◆ **TO DO**: Could you please find each line in the records that contains the word "White" and copy it?

◆ **MATERIAL FOR THIS TASK**:
====

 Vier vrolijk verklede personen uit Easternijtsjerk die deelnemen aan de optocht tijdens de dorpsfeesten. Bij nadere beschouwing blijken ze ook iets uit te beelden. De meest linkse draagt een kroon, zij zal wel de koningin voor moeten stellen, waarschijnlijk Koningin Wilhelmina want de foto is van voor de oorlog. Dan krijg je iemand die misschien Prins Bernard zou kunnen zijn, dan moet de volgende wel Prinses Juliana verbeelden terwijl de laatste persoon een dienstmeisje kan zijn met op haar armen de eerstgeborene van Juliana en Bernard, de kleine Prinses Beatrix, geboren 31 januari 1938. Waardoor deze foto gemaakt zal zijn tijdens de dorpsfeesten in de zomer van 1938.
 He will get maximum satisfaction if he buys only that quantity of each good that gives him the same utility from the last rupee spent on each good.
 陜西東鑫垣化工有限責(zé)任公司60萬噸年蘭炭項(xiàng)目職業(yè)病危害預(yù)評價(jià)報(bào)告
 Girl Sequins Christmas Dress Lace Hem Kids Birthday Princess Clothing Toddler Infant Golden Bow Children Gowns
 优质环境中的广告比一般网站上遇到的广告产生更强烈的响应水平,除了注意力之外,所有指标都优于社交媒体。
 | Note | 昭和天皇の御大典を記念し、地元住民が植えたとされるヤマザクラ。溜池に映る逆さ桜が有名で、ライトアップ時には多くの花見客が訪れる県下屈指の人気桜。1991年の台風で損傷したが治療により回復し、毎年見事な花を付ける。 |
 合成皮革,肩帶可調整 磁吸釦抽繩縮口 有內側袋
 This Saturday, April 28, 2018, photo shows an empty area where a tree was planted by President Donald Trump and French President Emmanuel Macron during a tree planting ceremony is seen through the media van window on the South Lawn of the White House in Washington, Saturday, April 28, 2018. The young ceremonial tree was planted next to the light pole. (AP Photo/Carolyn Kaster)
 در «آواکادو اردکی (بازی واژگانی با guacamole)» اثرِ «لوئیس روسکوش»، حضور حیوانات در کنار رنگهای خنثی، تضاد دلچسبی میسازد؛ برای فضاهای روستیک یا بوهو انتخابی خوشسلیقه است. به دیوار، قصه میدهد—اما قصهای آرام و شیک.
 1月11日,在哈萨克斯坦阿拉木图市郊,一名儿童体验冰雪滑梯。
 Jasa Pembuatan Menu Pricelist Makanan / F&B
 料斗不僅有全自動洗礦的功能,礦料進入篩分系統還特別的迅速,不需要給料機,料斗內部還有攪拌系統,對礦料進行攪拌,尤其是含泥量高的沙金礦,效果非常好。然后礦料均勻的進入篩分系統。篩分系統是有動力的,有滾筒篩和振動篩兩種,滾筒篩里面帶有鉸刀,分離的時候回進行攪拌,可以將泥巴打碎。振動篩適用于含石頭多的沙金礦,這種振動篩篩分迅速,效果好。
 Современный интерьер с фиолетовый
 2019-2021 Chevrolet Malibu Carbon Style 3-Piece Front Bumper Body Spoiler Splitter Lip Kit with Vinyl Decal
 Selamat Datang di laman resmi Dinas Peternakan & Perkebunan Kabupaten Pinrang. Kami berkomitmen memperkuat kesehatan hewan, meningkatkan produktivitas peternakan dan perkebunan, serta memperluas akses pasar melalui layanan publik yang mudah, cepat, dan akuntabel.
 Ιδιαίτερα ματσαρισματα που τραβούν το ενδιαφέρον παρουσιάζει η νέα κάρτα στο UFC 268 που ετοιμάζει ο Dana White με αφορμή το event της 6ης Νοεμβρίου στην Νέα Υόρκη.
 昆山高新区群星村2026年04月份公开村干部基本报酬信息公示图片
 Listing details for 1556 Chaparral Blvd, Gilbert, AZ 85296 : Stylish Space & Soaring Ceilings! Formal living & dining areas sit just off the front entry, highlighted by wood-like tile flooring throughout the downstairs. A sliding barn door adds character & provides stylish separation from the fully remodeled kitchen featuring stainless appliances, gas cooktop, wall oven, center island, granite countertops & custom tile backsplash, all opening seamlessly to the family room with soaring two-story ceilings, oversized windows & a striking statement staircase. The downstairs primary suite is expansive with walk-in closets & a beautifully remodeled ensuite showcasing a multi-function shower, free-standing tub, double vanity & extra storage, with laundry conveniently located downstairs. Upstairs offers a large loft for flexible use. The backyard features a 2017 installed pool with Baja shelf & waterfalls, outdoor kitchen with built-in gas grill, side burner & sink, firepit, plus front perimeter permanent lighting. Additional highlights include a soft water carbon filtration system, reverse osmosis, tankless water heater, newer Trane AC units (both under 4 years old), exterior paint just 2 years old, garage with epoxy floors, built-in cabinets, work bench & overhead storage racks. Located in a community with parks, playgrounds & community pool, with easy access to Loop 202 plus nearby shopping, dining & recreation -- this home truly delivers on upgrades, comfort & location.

====

◆ **WRITTEN ANSWER**:
 This Saturday, April 28, 2018, photo shows an empty area where a tree was planted by President Donald Trump and French President Emmanuel Macron during a tree planting ceremony is seen through the media van window on the South Lawn of the White House in Washington, Saturday, April 28, 2018. The young ceremonial tree was planted next to the light pole. (AP Photo/Carolyn Kaster)
 Ιδιαίτερα ματσαρισματα που τραβούν το ενδιαφέρον παρουσιάζει η νέα κάρτα στο UFC 268 που ετοιμάζει ο Dana White με αφορμή το event της 6ης Νοεμβρίου στην Νέα Υόρκη.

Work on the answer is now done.